Christians took the other option. For them, the crucifixion was not evidence of Jesus’ unwilling humiliation (humilitas) but proof that greatness can express itself in humility (humilitas), the noble choice to lower yourself for the sake of others.
This was a humility revolution. The highly honoured Jesus lowered himself to a shameful cross and, yet, in so doing became not an object of scorn but one of praise and emulation. Honour has been redefined – if the greatest man we have ever known chose to forgo his status for the good of others, reasoned the early Christians, greatness must consist in humble service. The shameful place is now a place of honour, the low point is the high point.
The Apostle Paul, in his famous “Christ Hymn”, summarised this:
Do nothing out of selfish ambition or vain conceit. Rather, in humility value others above yourselves, not looking to your own interests but each of you to the interests of the others. In your relationships with one another, have the same mindset as Christ Jesus: Who, being in very nature[a] God, did not consider equality with God something to be used to his own advantage; rather, he made himself nothing by taking the very nature of a servant, being made in human likeness. And being found in appearance as a man, he humbled himself by becoming obedient to death—even death on a cross! (Philippians 2:3-8).
The point he makes is not that only Christians can be humble; rather, humility came to be valued in Western culture because of the upheaval of the honour-shame paradigm of the ancient world.
He writes that while we don’t need to follow Christ to appreciate humility or to be humble, it is unlikely that any of us would aspire to this virtue were it not for the historical impact of his crucifixion on art, literature, ethics, law and philosophy. Our culture remains cruciform long after it stopped being Christian.
John Dickson does not encourage you to allow others to walk all over you, which would be ‘humiliation.’ Instead, he defines humility as opening yourself up to the vulnerability of being wrong, receiving correction and asking others how they think you could do better. Humility generates learning and growth.
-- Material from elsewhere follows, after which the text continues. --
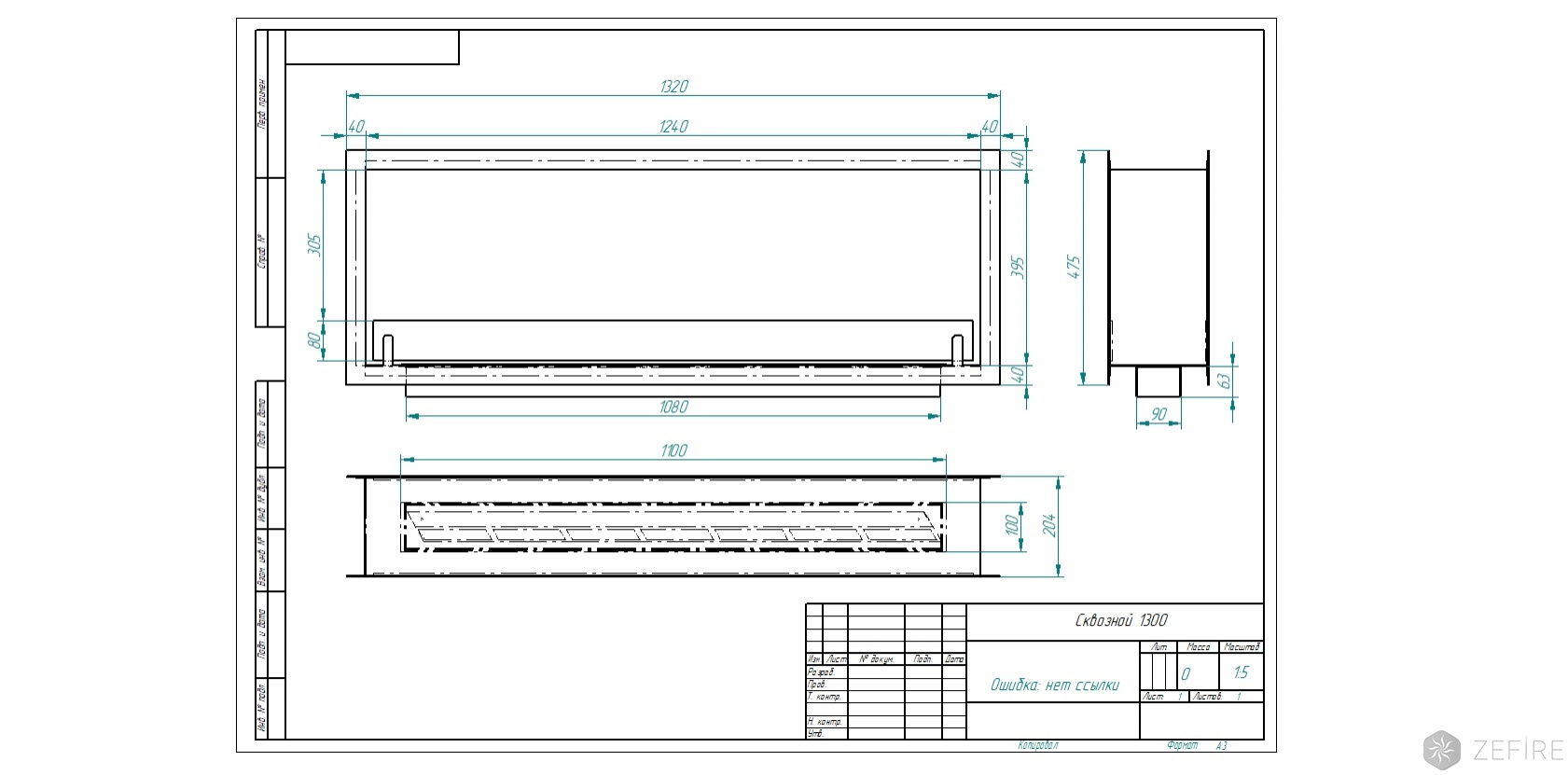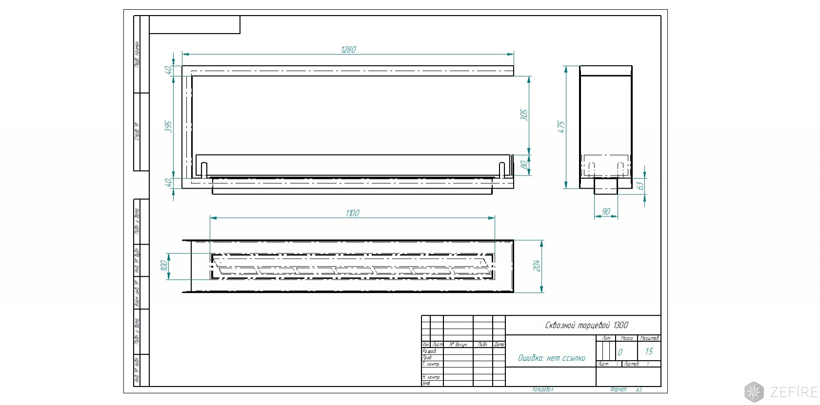 Биокамин торцевой сквозной Standart 1300 (ZeFire)

He writes that that a healthy self-worth is rooted far more in service than achievement, far more in giving than taking. Achievement is a fragile basis for self-esteem.
Mistakes of execution are rarely as damaging to an organisation, as a refusal to concede mistakes, apologise and make good the issue “with generosity and haste.”
Few are considered more trustworthy than those who choose to use their power for the good of others.
Humility does not mean believing things any less; it means treating those who hold contrary beliefs with respect and friendship. This is an important distinction. The author advocates that we hold our convictions firmly but do so with a soft heart toward those who hold contrary convictions.
Applying Mrs Taylor’s excellent summary to Shore, it appears that humility is not self-abasement but consideration of others and a lack of baseless boasting. We need to teach our boys the skill of disagreeing well, which is far to be preferred to the current cancel culture which often applies in such situations.
In a changing society, which is awash with images and information, our School Council are considering how best to tell the Shore story in a manner which does not hide Shore away but which also lacks the self-aggrandisement that is often repugnant in our culture. There may well be a place for Shore declaring an authentic image of excellence, rather than leave negative views in our wider community unchallenged. Humility, as defined by Dr Dickson, is not hiding our light under a bushel, but being realistic about strengths which exist within our School, and declaring these with integrity in the context of a desire to serve our community.